L’attuale complesso archeo-industriale comprende tre aree espositive, inaugurate
lo scorso 12 marzo, per ricordare la storia di una regione coinvolta nella
grande rivoluzione industriale, ma soprattutto quella sciagura che costò tante
vite umane.
Oggi l'area dell'ex miniera è stata completamente recuperata e al
suo interno sono stati realizzati un museo di archeologia industriale (in
13 sale, sono illustrati i principali settori produttivi: l’estrazione del
carbone, la siderurgia, la vetreria, la metallurgia e la meccanica, la chimica)
nonché un memoriale - inaugurato nel 2006,
in occasione del 50° anniversario della tragedia - dove la storia di quanto
avvenuto è raccontata attraverso
numerosi documenti
fotografici.
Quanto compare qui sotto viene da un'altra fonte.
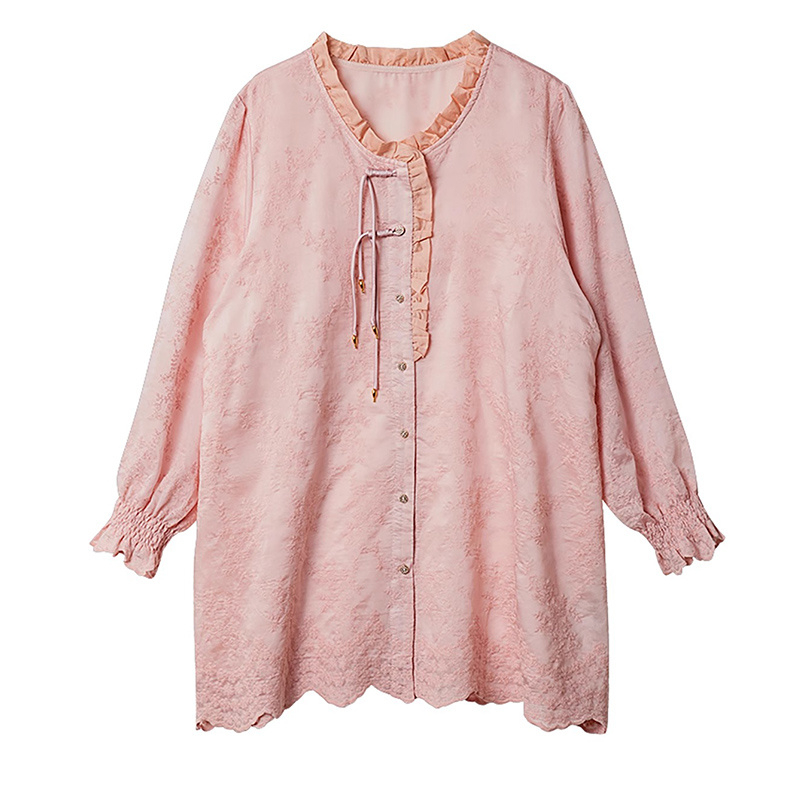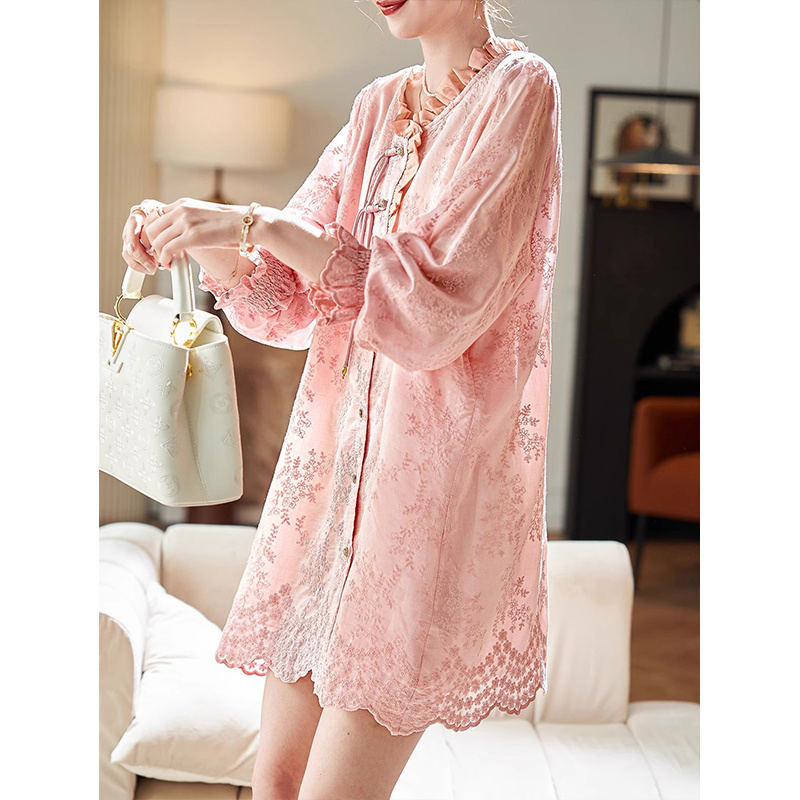 爵莱菲圆领新中式刺绣衬衫裙2025秋季减龄宽松长袖直筒连衣裙大码

All'ingresso è stato posto un
blocco di marmo di Carrara su cui sono stati incisi i nomi dei morti.
Molto interessante il libro
"Per un sacco di
Carbone",
in quanto si inserisce nell'argomento del
lavoro degli italiani nelle miniere di carbone del Belgio, scritto da
Maria Laura Franciosi, studiosa e
scrittrice che possiede una chiara "eugubinità" (nata a Napoli, ha
trascorso gran parte dell'infanzia a Gubbio dove ha frequentato il liceo
classico per poi laurearsi in scienze politiche a Roma).
l'opera, pubblicata nel 1996, è un
poderoso volume di 400 pagine piene di fotografie e documenti, e con le storie
di ben 150 minatori, delle loro mogli e figli, molti dei quali si sono ora
inseriti nel tessuto sociale del Belgio.
Rappresenta una vera narrazione
del lavoro Italiano nel mondo, quando il valore degli uomini equivaleva a quello
dei sacchi di carbone che riuscivano ad estrarre dalle viscere della terra.